DATA TO USE
⟨

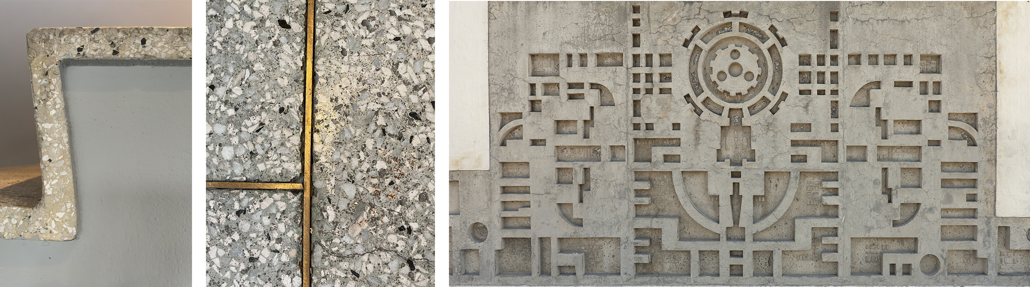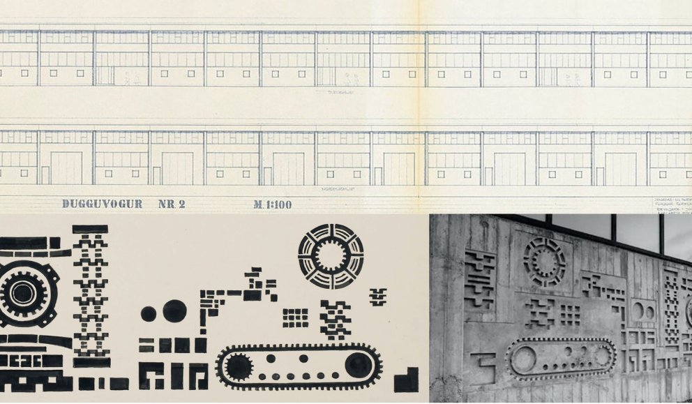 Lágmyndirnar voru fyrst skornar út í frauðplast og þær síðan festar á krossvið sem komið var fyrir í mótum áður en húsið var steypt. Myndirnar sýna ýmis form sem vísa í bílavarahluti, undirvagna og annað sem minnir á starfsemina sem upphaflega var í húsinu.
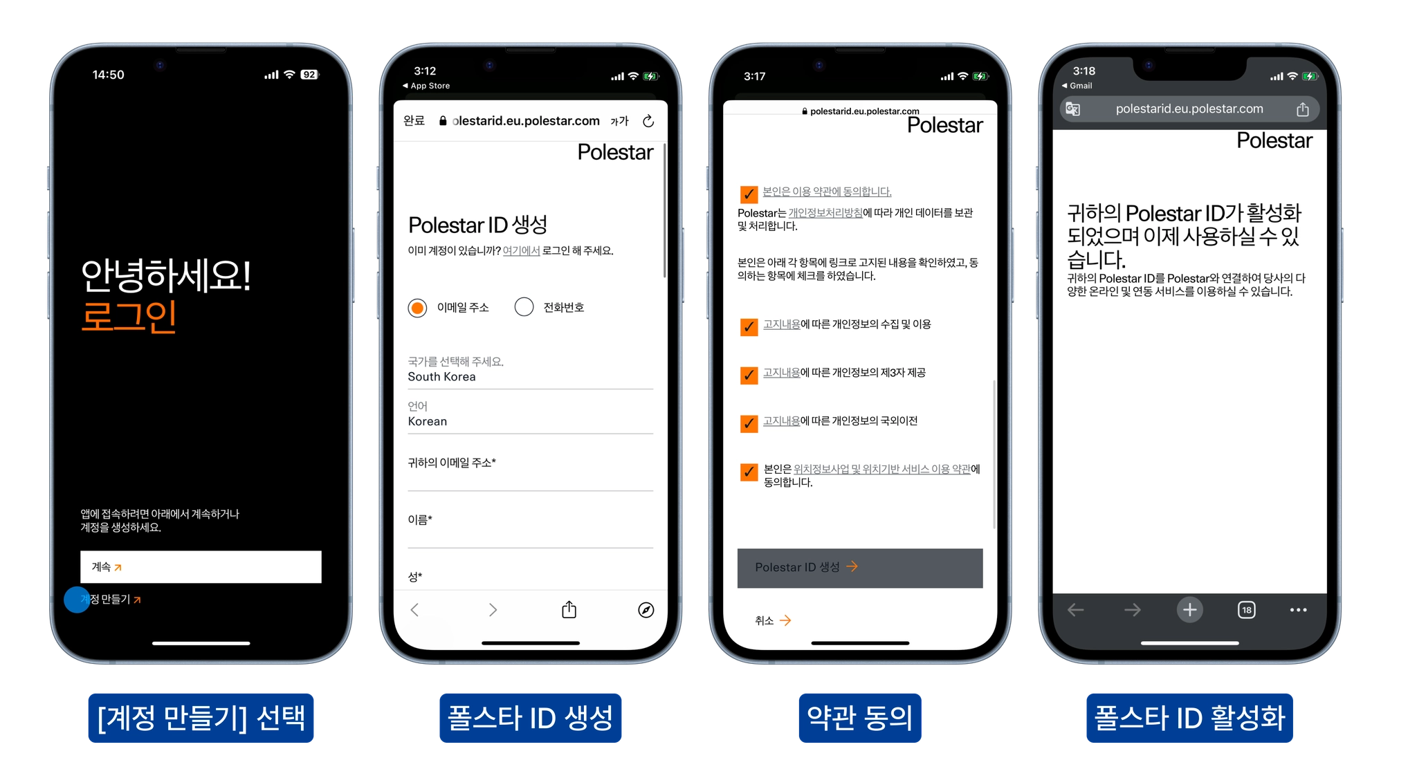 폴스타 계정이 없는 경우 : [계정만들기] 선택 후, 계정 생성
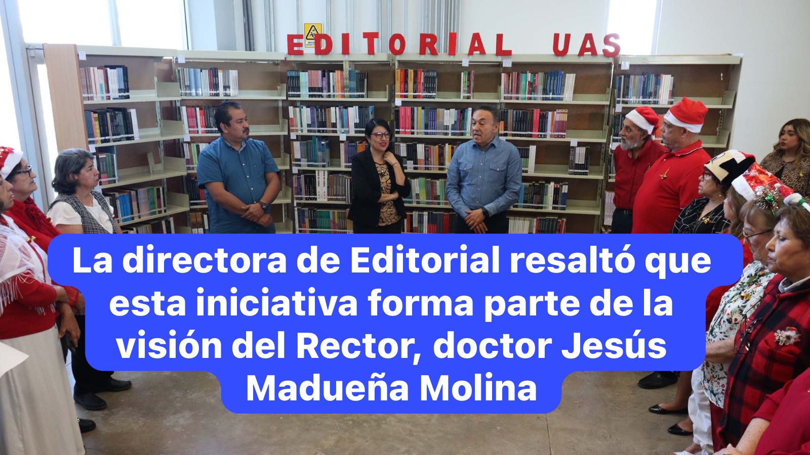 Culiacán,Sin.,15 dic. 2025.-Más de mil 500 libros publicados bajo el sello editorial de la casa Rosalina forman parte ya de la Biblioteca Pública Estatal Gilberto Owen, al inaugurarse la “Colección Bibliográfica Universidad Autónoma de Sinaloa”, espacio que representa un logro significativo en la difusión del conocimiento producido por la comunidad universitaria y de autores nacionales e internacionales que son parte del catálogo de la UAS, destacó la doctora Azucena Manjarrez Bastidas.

⟩
⟨

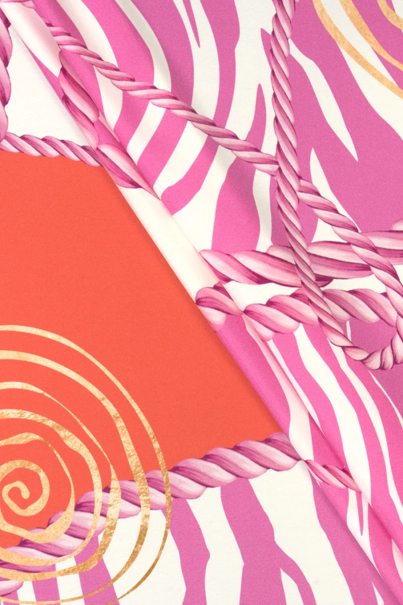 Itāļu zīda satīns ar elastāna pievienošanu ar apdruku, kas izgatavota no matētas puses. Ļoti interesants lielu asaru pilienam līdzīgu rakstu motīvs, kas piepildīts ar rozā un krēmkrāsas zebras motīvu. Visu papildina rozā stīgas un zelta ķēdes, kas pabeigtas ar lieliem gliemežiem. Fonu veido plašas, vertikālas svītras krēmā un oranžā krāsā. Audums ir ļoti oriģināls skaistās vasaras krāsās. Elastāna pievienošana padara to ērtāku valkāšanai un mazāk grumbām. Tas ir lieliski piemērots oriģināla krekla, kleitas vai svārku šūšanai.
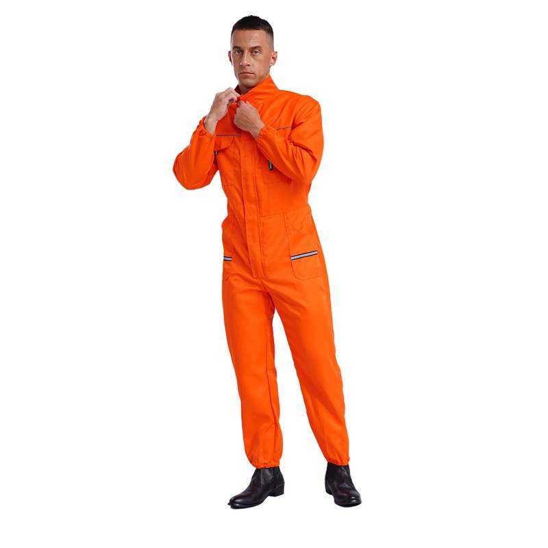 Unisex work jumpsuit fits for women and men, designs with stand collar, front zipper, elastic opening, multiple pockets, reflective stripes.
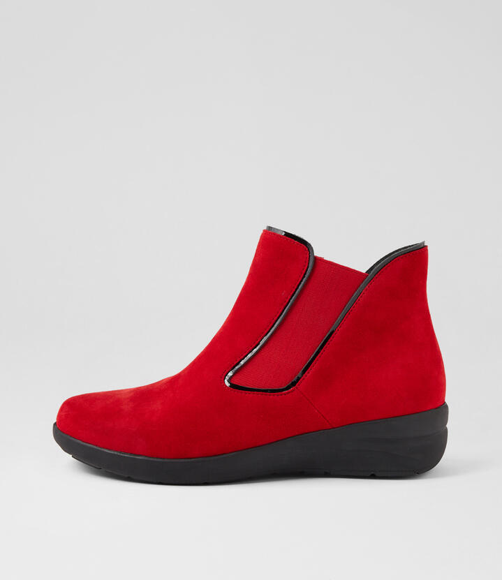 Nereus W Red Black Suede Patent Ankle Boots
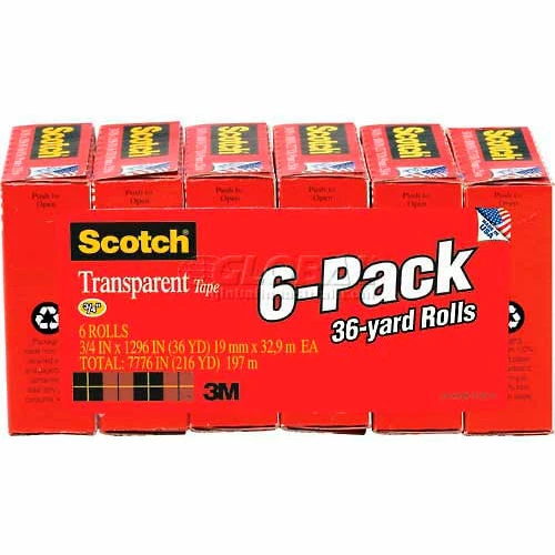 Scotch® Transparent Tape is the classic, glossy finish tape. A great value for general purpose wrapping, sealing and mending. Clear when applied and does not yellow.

⟩

WHAT TO WORK ON
Give again, exactly as written above, each line from the one that has "Nereus W Red Black Suede Patent Ankle Boots" to the one that has "Scotch® Transparent Tape", both included; omit the pictures.

FINAL ANSWER
 Nereus W Red Black Suede Patent Ankle Boots
 Scotch® Transparent Tape is the classic, glossy finish tape. A great value for general purpose wrapping, sealing and mending. Clear when applied and does not yellow.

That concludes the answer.